To improve community energy, particularly in urban areas, Scotland could learn lessons from Spain where 65% of people live in apartment buildings. The Spanish Government has recently passed legislation which allows shared renewable installations for self-consumption (i.e. you can use and share the energy you generate within your own tenement or building) and enables nearby buildings to exchange surplus electricity through “proximity” self-consumption. The legislation also provides for the right to be remunerated for electricity injected into the grid, simplifies the billing for small installations, and minimises the bureaucracy to shorten the wait for a facility to self-supply with renewable energy.
With a similar approach, Scotland could bring great benefits particularly to those in fuel poverty in both rural and urban areas.

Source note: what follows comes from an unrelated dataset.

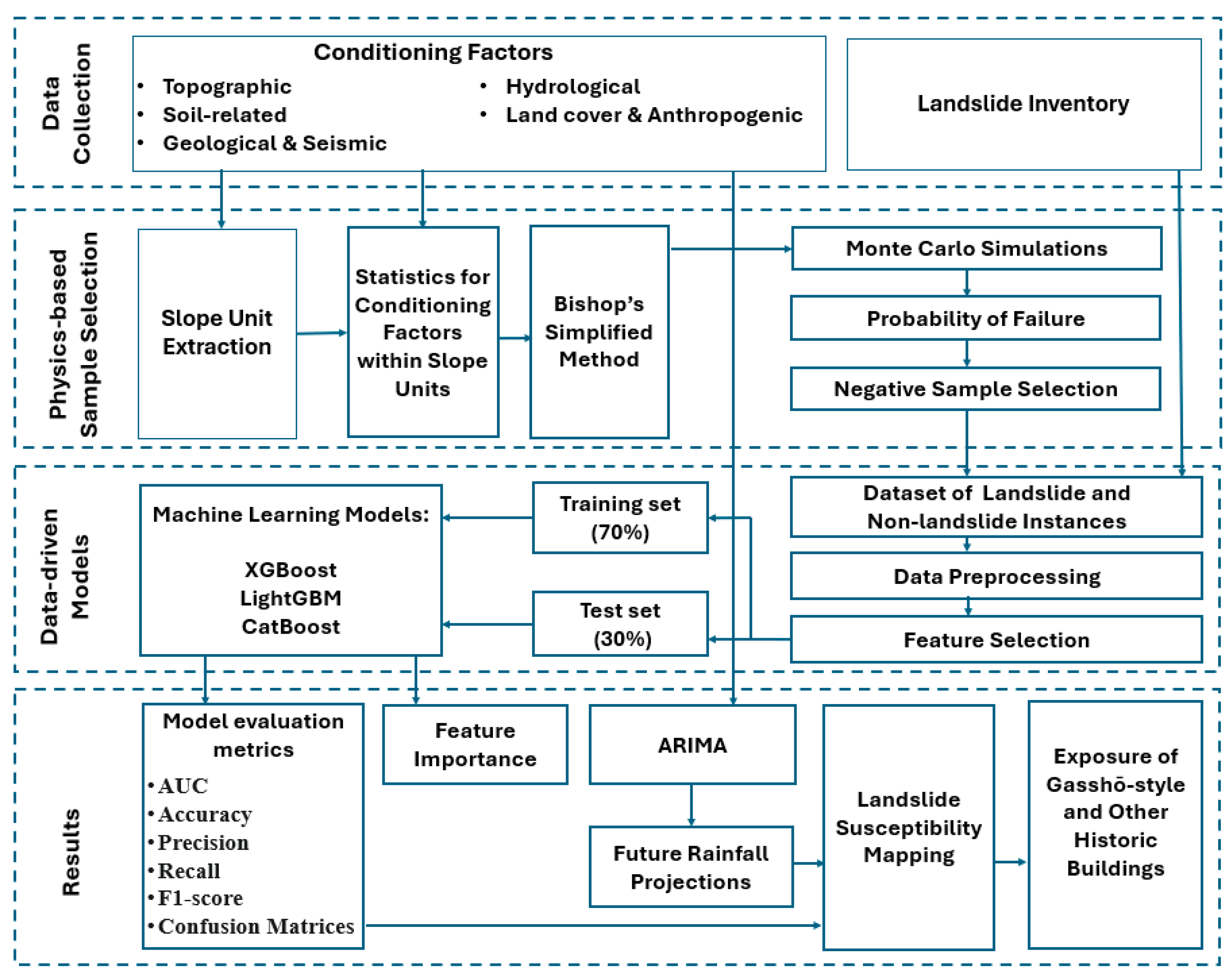 - Al-Najjar, H.A.; Pradhan, B.; He, X.; Sheng, D.; Alamri, A.; Gite, S.; Park, H.J. Integrating Physical and Machine Learning Models for Enhanced Landslide Prediction in Data-Scarce Environments. Earth Syst. Environ. 2024, 9, 3179–3206. [Google Scholar] [CrossRef]

More widely, at a time when people are looking for alternatives to our current economic model and asking what a wellbeing economy might look like in practice, we could do worse than look to Scotland’s community energy sector. Here is a sector that offers abundant examples of well-run social enterprises that generate profit for a defined purpose. In addition, community energy projects by their very nature adopt a commons approach to natural assets and democratise local decision-making in at least one important area. By supporting this sector and addressing some of the barriers outlined above, we would not only tackle inequality and fuel poverty at source but see more communities reap the benefits of participating in an alternative economic model.